A traditional general-purpose server typically uses around 2,000 MLCCs. This is a fairly common number, similar to a high-end mobile phone. However, once we enter the AI ​​era, the numbers start to spiral out of control. A training server with 8 GPUs can use 25,000 to 28,000 MLCCs, more than ten times that of a traditional server .

And the numbers don't stop there. NVIDIA's GB300 NVL72 rackmount uses 440,000 chips per unit. Moving to the next generation, the Vera Rubin platform's VR200 is expected to use 600,000 chips per unit. The top-of-the-line Vera Rubin Ultra NVL576 will use between 3 million and 3.5 million chips. From 2,000 to 3.5 million chips, that's a leap of over a thousand times.

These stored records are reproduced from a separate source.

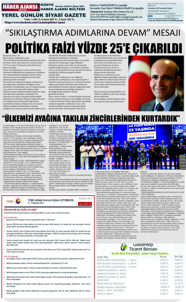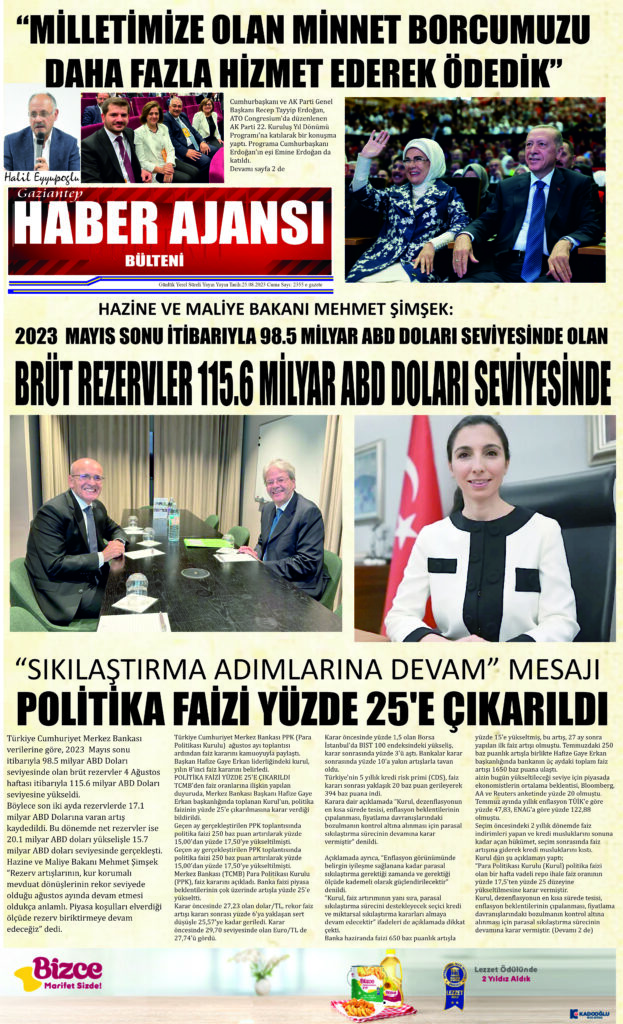 Gaziantep Haber Ajansı Bülteni Cuma 25.08.2023 e gazete
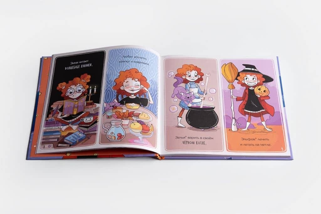 Эмма – подрастающая ведьма. Она обожает колдовать, читать и летать на метле.
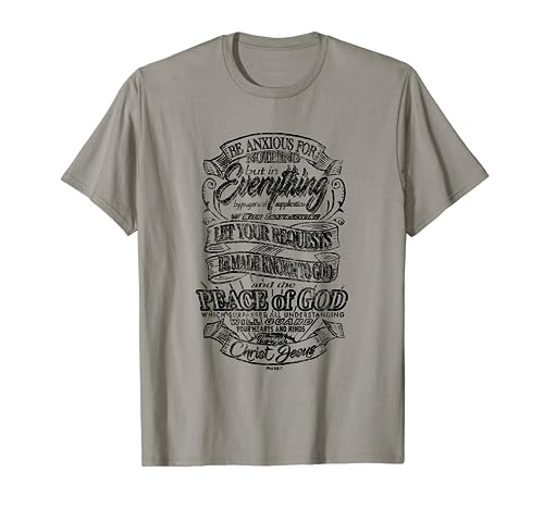 - Featuring the popular Philippians 4:6-7 Scripture in a popular distressed vintage style. This shirt is perfect to wear to church, baptism, Bible Study or family holidays. Share your peace of God that surpasses all understanding by rocking this Design
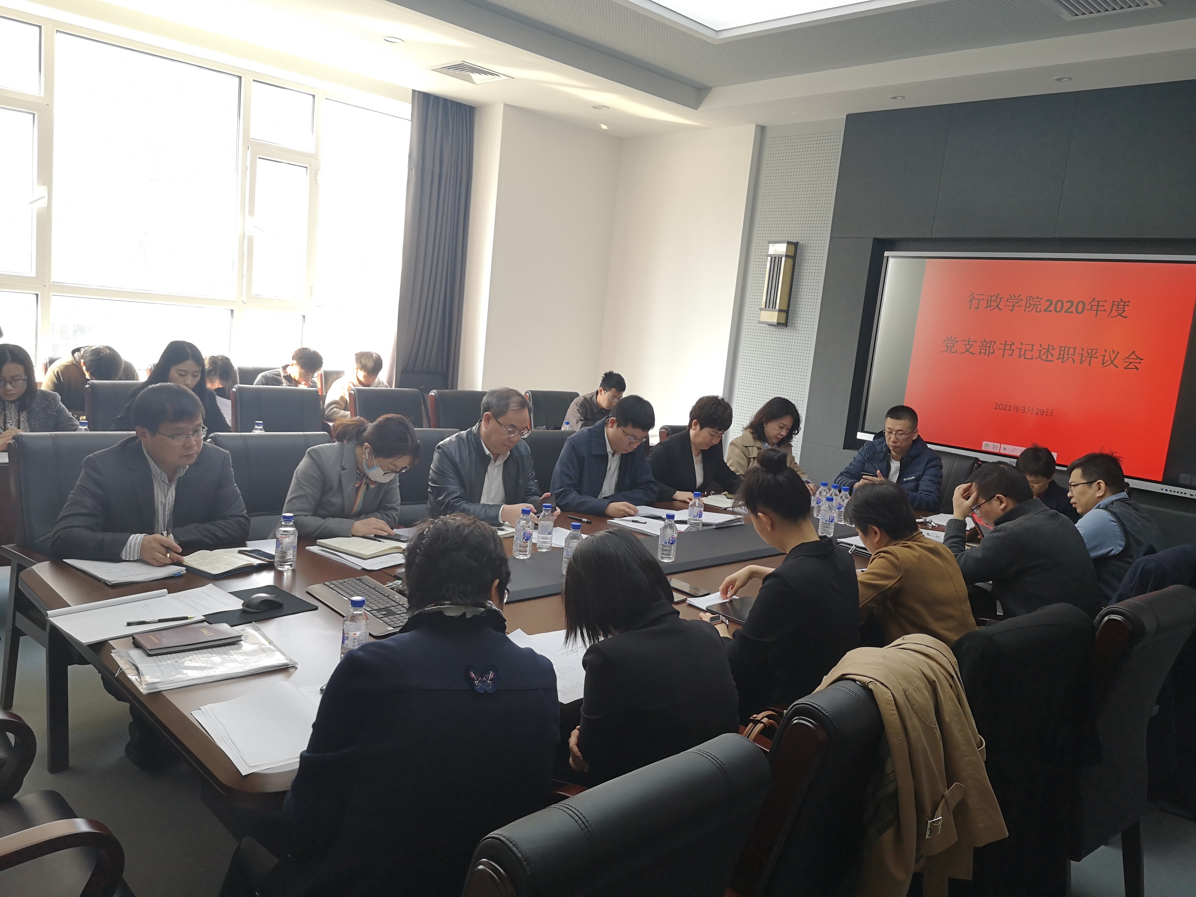 2020年度党支部书记述职评议会在东荣大厦B302会议室召开。学院党委委员、领导班子成员、系主任以及各党支部书记参加了本次会议。会议由党委书记马景惠主持。
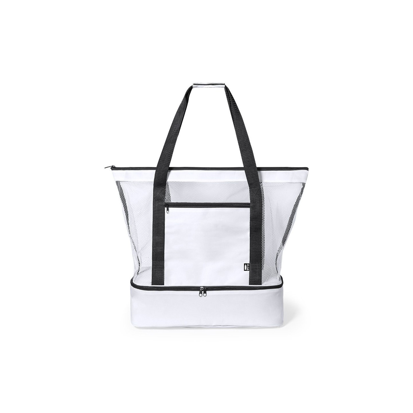 La bolsa nevera Pattel es la solución ideal para mantener tus alimentos frescos en cualquier lugar. Fabricada en poliéster RPET 600D reciclado, cuenta con un amplio compartimento en redecilla, nevera integrada en la base y asas de transporte reforzadas. ¡La bolsa Pattel es perfecta para llevar tus alimentos a donde quieras de forma sostenible!
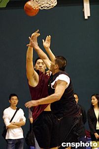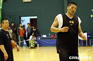五月十一日,備戰(zhàn)雅典奧運會的中國國家男子籃球隊在北京進行公開訓(xùn)練,剛剛回國的NBA球員巴特爾參加了合練。中新社記者:盛佳鵬

Why did it surge to this extent? The reason is actually not complicated; the key lies in "electricity" .

The power density of next-generation GPUs is increasing, while the voltage is decreasing. Take Rubin, for example; it operates on a power rail of less than 1 volt, yet consumes a staggering 1,800 watts. Power equals voltage multiplied by current; a voltage below 1 volt means a current exceeding 1,800 amps. What does this mean? It's like cramming the electricity of a small factory into a palm-sized chip . With such a massive current, even the slightest fluctuation can cause the chip to malfunction.

The job of an MLCC is to act as a "voltage stabilizer" for this surging current. When the current fluctuates, it is responsible for instantly replenishing or absorbing charge to stabilize the voltage; this process is called decoupling. The larger the current, the lower the voltage, and the faster the fluctuations, the more and denser the "voltage stabilizer" is needed. Therefore, the more powerful the GPU, the greater the demand for MLCCs, and the increase is non-linear.

Beyond the explosive growth in quantity, a structural replacement is also underway. Aluminum polymer capacitors (APCs) were previously widely used in servers, but they are now being replaced by multi-layer capacitors (MLCCs). This replacement is leading to a 1.5 to 2-fold increase in usage. Because MLCCs are smaller, more stable, and have a longer lifespan, their advantages are overwhelming on high-density computing boards where space is extremely limited. Space on computing boards is fixed, but the current that needs to be stabilized is constantly increasing. Engineers can only make individual components smaller and use them more densely, making small and stable devices like MLCCs the natural choice. This replacement is not a one-off event but will continue with each new platform iteration, adding another layer of structural growth to the already explosive increase in quantity.

There's another easily overlooked point here: MLCCs aren't better off being as far away from the GPU as possible; quite the opposite, they should be placed as close to the GPU as possible. This is because current fluctuations are measured in nanoseconds, and the closer the current source, the more timely the replenishment. Therefore, high-end solutions will have a large number of MLCCs densely packed around and directly below the GPU. This layout itself dictates that the number used will only be greater, not less.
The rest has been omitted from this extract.